In this article, we will consider first where and then how the brain learns to recognise objects. The ‘where’ description will involve neurons in the lateral and ventral temporal lobe neocortex, though other areas have also been implicated. The ‘how’ can be thought of as an interplay between discrimination, in which features are teased apart, and generalization or invariance, in which features are treated as the same. The former, discrimination, is the process by which perceptual learning is classically interpreted. Typically, these experiments take a relatively ‘elemental’ aspect of a visual stimulus, such as line orientation, and train to increasing levels of discriminability. But equally important to object learning is the development of generalization across irrelevant changes in features. For example, we maintain a remarkable ability to recognise objects across dramatic changes in appearance due to different lighting or angle of regard. We will consider the mechanisms that may underlie discrimination, or increased sensitivity to visual features, before tackling the more elusive issue that is the counterpart to sensitivity: generalization, or grouping across varying features.

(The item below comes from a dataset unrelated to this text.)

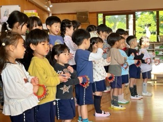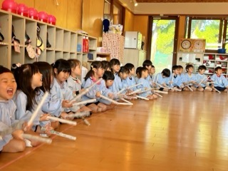 音楽に合わせて楽器を鳴らしたり、先生の歌をよく聞いて、それに合わせて楽器を鳴ら

One limitation that should be mentioned at the outset is that any description of the mechanisms of object learning will rely heavily on the neural coding of objects, with the assumption that this has been built up through experience. Nearly all studies on the neural basis of object learning and categorization monitor neural responses before and after learning, rather than tracking the process itself (but see Messinger et al. (2001) for one notable exception). Responses to novel stimuli (or features) are compared to those of trained stimuli (or features), and any difference in the neural code is attributed to learning. Prior biases between novel and trained stimuli, or use of innately specified or otherwise unique object categories, may render spurious results. This is still the predominant method, since it does not require recording from the same neurons over the hours, days or months of learning, making it accessible to most of the recording methods available. Adding to the technical challenges is the location in which object-selective responses are seen: areas at the lateral and ventral extreme in human and macaque brains, which are more difficult to access from the standard dorsal approach. Section 1a will describe in more detail the brain regions that are associated with object recognition.

(a) The ventro-lateral temporal lobe encodes shapes and objects

Inferotemporal cortex (IT), lying along the lateral and ventral aspects of the temporal lobe, is the first visual area in which no retinotopic organization is seen. In contrast to most other visual areas in the brain, responses are largely position invariant, with receptive fields that cover major portions of our field of view, typically overlapping the fovea, crossing hemifields (adapted from Gross et al. 1972; Desimone & Gross 1979; Desimone et al. 1984). Stimuli that reliably drive cells in primary visual areas are far less effective in IT (Gross et al. 1972; Richmond et al. 1983; Pollen et al. 1984; Vogels & Orban 1994a); instead, faces and objects are commonly observed to drive cells in IT (Perrett et al. 1982; Rolls & Baylis 1986; Yamane et al. 1988; Hasselmo et al. 1989; Young & Yamane 1992). More recent imaging results are generally consistent with the location and selectivity of cells in superior temporal sulcus (STS)/IT (Logothetis et al. 1999; Tsao et al. 2003; Pinsk et al. 2005; Zangenehpour & Chaudhuri 2005; Hoffman et al. 2007). The importance of IT in processing shapes, objects and faces has been demonstrated through lesions or disconnections in IT (Mishkin 1954; Mishkin & Pribram 1954; Horel & Misantone 1976; Ungerleider & Mishkin 1982) and, for face discrimination, inactivation of STS, medial temporal gyrus or inferior temporal gyrus all produce impairments (Horel et al. 1987; Horel 1993). Conversely, stimulation within areas selective for faces elicits a bias towards face perception (Afraz et al. 2006). Given the importance of the code in IT for discriminating objects, we will focus on this region in our discussion on the neural basis of perceptual learning of objects. Because relatively few studies have explored the effects of learning in any one sub-region within the IT, we will consider in our discussion studies exploring the broadly defined territory around IT, including the upper bank of STS and perirhinal cortex (PRh).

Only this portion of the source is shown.